Researchers at NYU Identify Problematic Protein in Mesothelioma Tumor Growth
Researchers from the New York University Langone Medical Center have uncovered a potential new therapeutic target and possible diagnostic tool in the ongoing battle against malignant pleural mesothelioma.
They concluded that the protein Ephrin B2 (EPHB2), a genetic biomarker, may hold the key to future advancements and the search for a cure.
“The community is looking at novel targets for therapy,” said Harvey Pass., M.D., lead researcher at the center and long-time mesothelioma pioneer. “We must expand our findings to elucidate the prognostic and predictive characteristics of this important pathway.”
The research will be published in the September issue of the Journal for Thoracic Oncology.
Hope for Patients
Mesothelioma is an aggressive cancer that is caused by the inhalation of microscopic asbestos fibers. Although advancements have been made in recent years, there still is no cure for mesothelioma, and the average survival rate after diagnosis is only 12-18 months. An estimated 2,500 people are diagnosed with pleural in America annually.
The EPHB2 research is important because it could provide a pathway to stopping the metastasis and tumor growth that has frustrated the medical community and made mesothelioma so difficult to treat. It can take anywhere from 10 to 50 years after exposure to asbestos before the cancer is diagnosed. The cancer often has spread before it is discovered.
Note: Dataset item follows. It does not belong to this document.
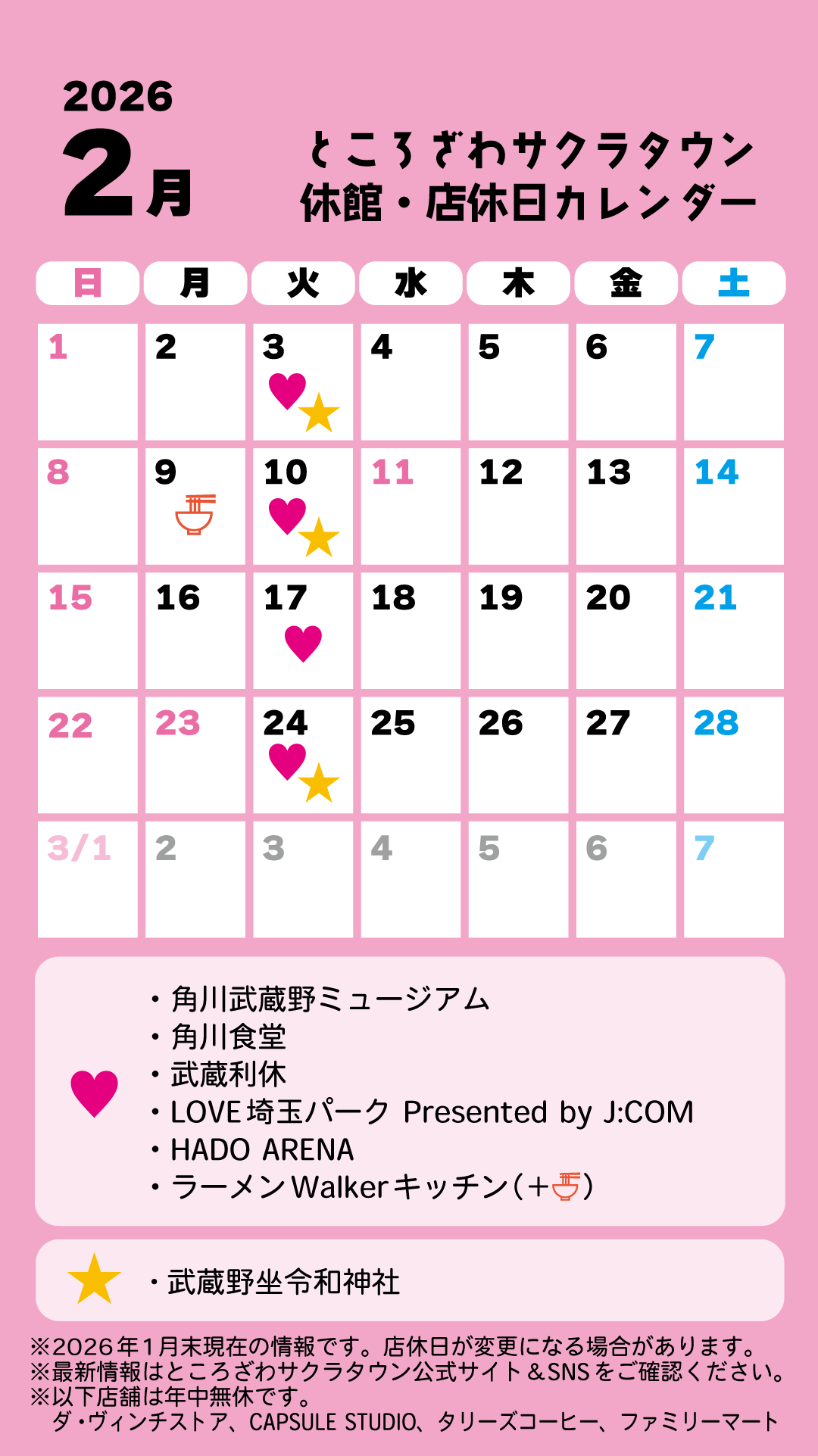 ところざわサクラタウン 2026年2月店休日・営業時間変更のご案内

Treatment and Earlier Diagnosis
This research also could provide another avenue to earlier detection of the disease, which would open up more treatment options and could extend the survival rate.
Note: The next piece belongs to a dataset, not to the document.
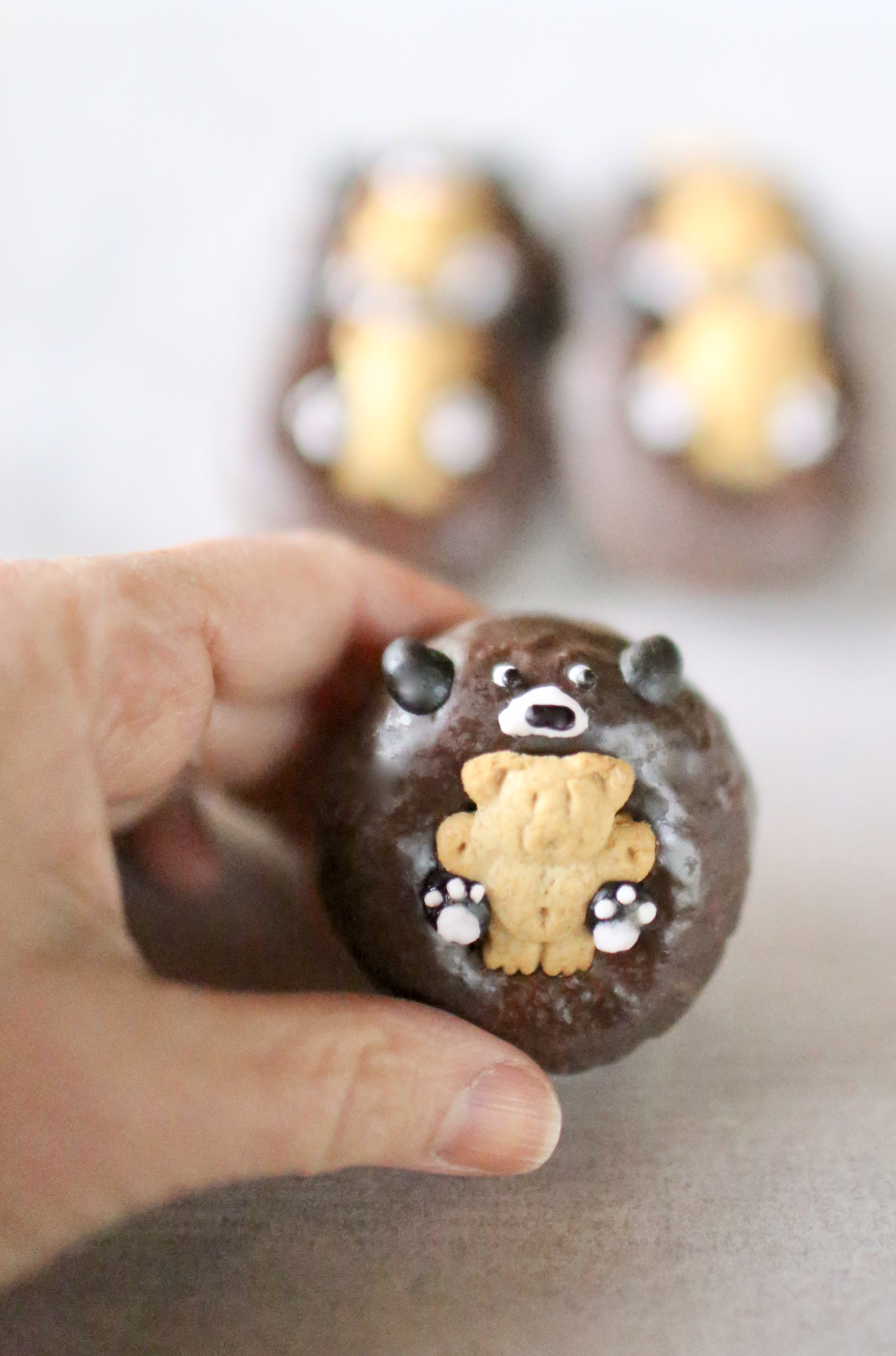 - Step 2: Using the dark brown icing with the #5 tip, pipe on little paws on either side of the teddy graham as seen in step 2. in the image below. If the icing has a pointy tip, dab your fingertip in a tiny bit of water and gently press down on the paw to smooth it out.

Levels of this particular protein were elevated in all 34 pleural mesothelioma tumors that were examined, in comparison with normal tissue. And all cell lines of pleural cancer overexpressed the EPHB2 in comparison with benign mesothelial cells.
Because the protein is responsible for the process of forming new blood vessels from existing ones, researchers have speculated that doctors could improve the survival rates if the growth of EPHB2 is controlled.
Stopping the EPHB2 growth also increased the apoptotic proteins and activity, which is part of the natural self-destruction of cells. Stopping the growth of EPHB2 also decreased the proliferation and invasion of the bad cells, in the laboratory research.
Researchers speculated that the EPHB2 also might have a role as a marker to provide a more accurate prognosis of the disease.
“EPHB2 seems to play an important role in MM (malignant mesothelioma) pathogenesis and these findings indicate that EPHB2 could serve as a potential novel therapeutic target for treatment of the disease,” the researchers concluded.